Publié le: 4 juin 2026 / Actualisé: 23 juillet 2026

Lorsque l'hôpital Sahyadri de Pune a annoncé en avril 2026 que son équipe de neurochirurgie avait réalisé plus de 750 décompressions microvasculaires (DMV) en cinq ans, ce titre ne reflétait qu'une partie de l'histoire. Une analyse plus approfondie, s'appuyant sur 22 ans d'expérience et plus de 2 700 interventions, a révélé une réalité bien plus importante : un centre devenu discrètement l'une des références en Inde pour les patients souffrant de certaines des affections neurologiques les plus complexes et les plus méconnues.

Pour les millions de personnes dans le monde souffrant de névralgie du trijumeau, de spasme hémifacial ou de névralgie glossopharyngienne, cette étape représentait bien plus qu'un simple chiffre. Elle témoignait de l'accès à des soins chirurgicaux de pointe et à grande échelle pour ces affections.

Qu’est-ce que la décompression microvasculaire (DMV) ?

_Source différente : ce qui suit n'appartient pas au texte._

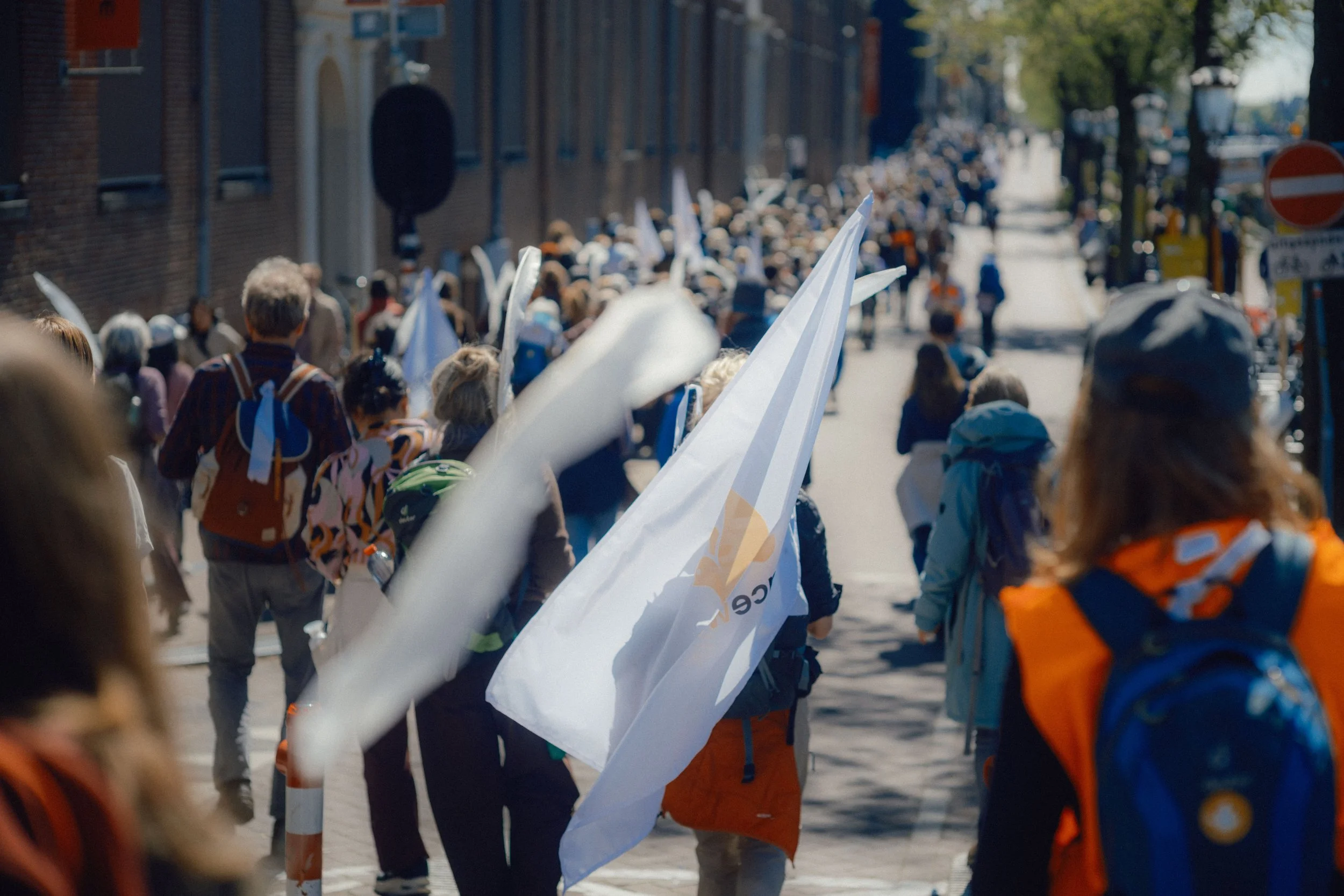 Ik wordt gewenkt en voorgesteld aan een man in een rolstoel. Hij is bijna honderd, zijn stem is nog vast en zijn ogen staan helder. Hij viert binnenkort zijn verjaardag en heeft besloten dat mensen hem geen cadeau’s moeten geven, maar moeten geven aan de Peacewalk. Of ik een kort tekstje voor hem heb, want op de website staat veel te veel. Natuurlijk. Een vrouw is zes maanden zwanger en loopt het met haar vader. Een gezin met een wandelwagen, de kinderen lopen veel – en zitten soms trots boven de kar. Onderweg met papa en mama. We weten eigenlijk niet eens goed wat we hier mee maken, maar willen hier voor geen goud weg. Soms moet het, vandaag begint de werkdag. Maar iedereen die meeliep lijkt alweer plannen te maken voor de volgende etappe.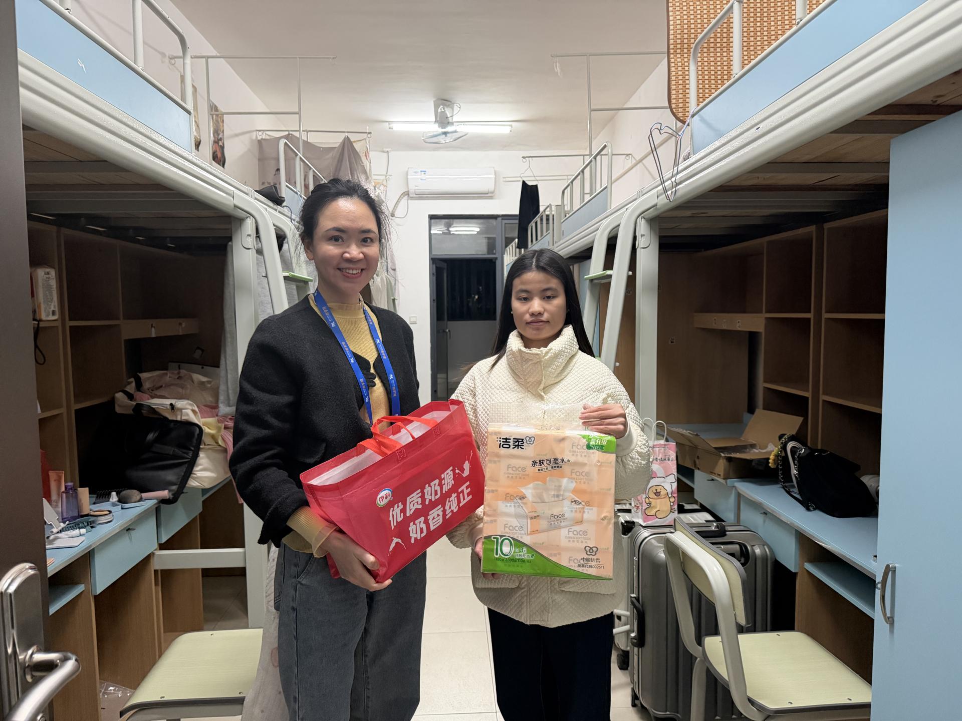 岁序更替,寒意正浓,校园里却涌动着一股暖流。2026年2月11日晚,南宁学院商学院党委副书记覃雪莲与辅导员林月梅老师组成慰问小组深入学生宿舍,开展寒假留校学生走访慰问活动,为学子们送上新春祝福与暖心慰问礼包,用实实在在的行动守护假期平安,助力学子成长。

Avant de comprendre ce que représente cette étape importante, il est utile de savoir ce qu'implique réellement le MVD.

La décompression microvasculaire est une intervention neurochirurgicale utilisée pour traiter les syndromes de compression des nerfs crâniens, affections dans lesquelles un vaisseau sanguin comprime un nerf à la base du cerveau et provoque des symptômes invalidants. Contrairement aux médicaments qui atténuent les symptômes, la décompression microvasculaire s'attaque directement à la cause profonde du problème.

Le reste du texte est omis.